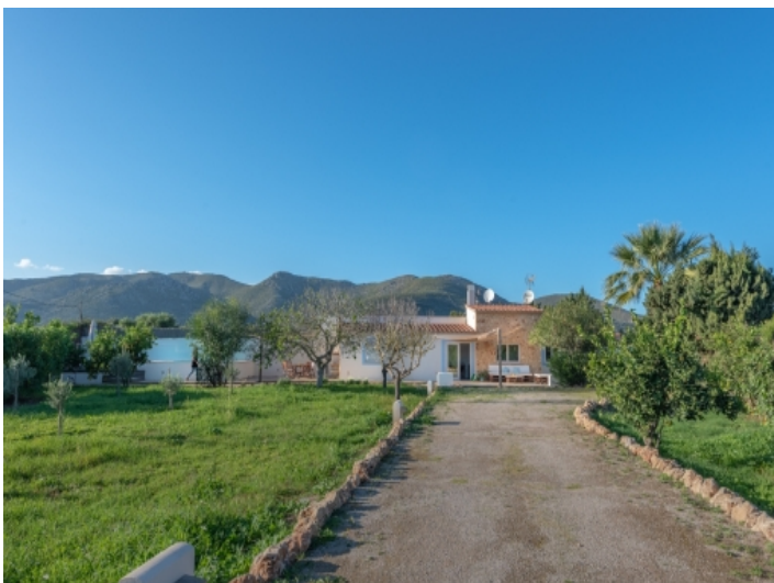
Zufahrt zur Finca
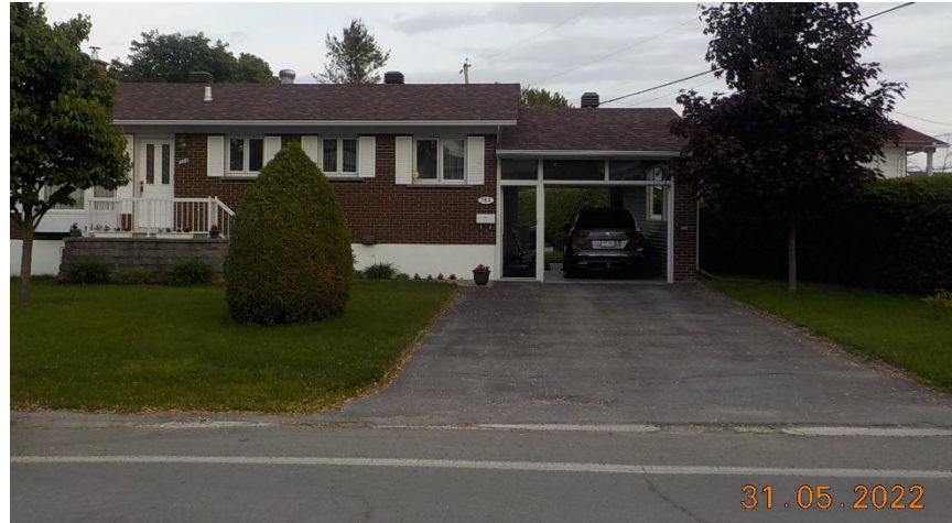
384, rue Joseph-Germain (emplacement faisant l'objet de la demande)
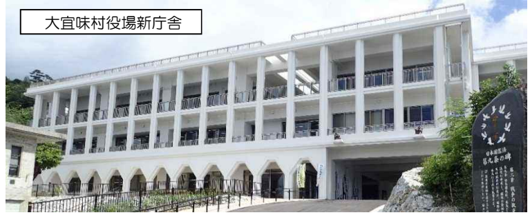
大宜味村役場新庁舎

大宜味村役場の新庁舎が5月8日に落成（建て替え）されました。新庁舎は、国指定重要文化財の旧役場庁舎の形状を取り入れたデザインにしています。3階村民テラスからの眺望がとても良いので、北部に足を運んだ際には訪問してみても如何でしょうか（興味深く感じる事でしょう） ※「新庁舎」・「旧庁舎」・「旧村議会棟」は隣接しています。
• • • • • • •
(AIM OF THE EXERCISE):
Write the listing out again in full and unchanged, minus any pictures.

(TASK SOLUTION):
Zufahrt zur Finca
384, rue Joseph-Germain (emplacement faisant l'objet de la demande)
大宜味村役場新庁舎

大宜味村役場の新庁舎が5月8日に落成（建て替え）されました。新庁舎は、国指定重要文化財の旧役場庁舎の形状を取り入れたデザインにしています。3階村民テラスからの眺望がとても良いので、北部に足を運んだ際には訪問してみても如何でしょうか（興味深く感じる事でしょう） ※「新庁舎」・「旧庁舎」・「旧村議会棟」は隣接しています。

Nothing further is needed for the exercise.